Many consumers are unaware that even before consuming a product, they are visually judging the appearance, and instantaneously drawing upon past experiences to stage flavor expectations. So, when a beverage is a certain color, appears to be a certain thickness or clarity, contains sediment, cloudiness, etc., consumers are positively or negatively going to taste what these experiences have demonstrated in the past.
The tactile experience of flavor is just as important as sight. Texture will release certain compounds, called aroma volatiles that can change the smell and alter the way a flavor is perceived (Physiol Behav. 2012 Nov 5;107(4):484-7). Certain textures turn a consumer off completely.
Think about how polarizing pulp in orange juice is alone. Most consumers prefer no pulp, and yet this is in a fruit juice that intrinsically bears an understanding that it will contain at least some texture and sediment. Now think about products like a naturally flavored sparkling water, or an organic ginger ale. These beverages need to be clean and clear. Therefore, there is little tolerance from consumers for any type of residual sediments.
A Solution: Extracts vs. Concentrates
While taste and smell tend to exist inherently in many natural ingredients, the same cannot be said for their fundamental ability to dissolve into solution. Some formulators try to circumvent this issue using concentrates and others with extracts.
A flavor concentrate is made from removing water or other diluting agents from the original flavor material, typically concentrating to achieve or target a specific brix.
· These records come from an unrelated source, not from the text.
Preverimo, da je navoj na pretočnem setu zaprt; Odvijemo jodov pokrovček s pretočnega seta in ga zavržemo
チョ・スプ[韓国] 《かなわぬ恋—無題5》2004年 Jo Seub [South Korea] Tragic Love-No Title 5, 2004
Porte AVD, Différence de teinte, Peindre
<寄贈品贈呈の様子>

“The biggest advantage to concentrates is that they most closely resemble that which can be derived from naturally brewing or boiling the original source, for example a tea concentrate," said Chris Fields, vice president of scientific affairs at Applied Food Sciences. “However, not all concentrates are created equal given the variability in the raw material. Even the same source of materials can yield different strengths and quality of flavors. So, consistency from batch to batch requires formulators to take the extra time to match their flavor profiles. Another limiting factor is that concentrates can also retain less desirable compounds impacting viscosity, taste and nutritional content of the finished product."
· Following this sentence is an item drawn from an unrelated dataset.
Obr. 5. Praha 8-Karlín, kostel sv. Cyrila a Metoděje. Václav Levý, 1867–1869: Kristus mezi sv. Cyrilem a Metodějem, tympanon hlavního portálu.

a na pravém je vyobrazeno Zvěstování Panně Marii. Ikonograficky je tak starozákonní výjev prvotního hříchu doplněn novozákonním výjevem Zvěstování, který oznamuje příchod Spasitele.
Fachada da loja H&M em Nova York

A flavor extract is prepared by chemical extraction and/or evaporation to separate the active flavor or other health compounds from the original material. There are two types of extraction methods. One is a standardized nutraceutical extraction, and the other is a flavor specific extraction.
“Standardized extracts from a plant source can isolate just the active compounds desired for the end formulation, streamlining your ingredient selection," Fields explained. “By using a well-developed extract that is fully water soluble and clear in solution, formulators can achieve optimum and consistent sensory profiles on the finished products with more accurate levels of functional attributes."
Outside of standardized nutraceutical extracts, a different extraction processes can pull out the true flavor and essences from the raw material, according to Grace Venus, president of Venus Research and Development Inc. “This process is typically a vapor distilled extraction where aroma and flavor is concentrated and is best made from botanical and citrus ingredients as they have a large concentration of essential oils," she said. “This is the type of extract that would be used as a flavor top note and are very important to the overall perception of flavor depth in many beverages on the market."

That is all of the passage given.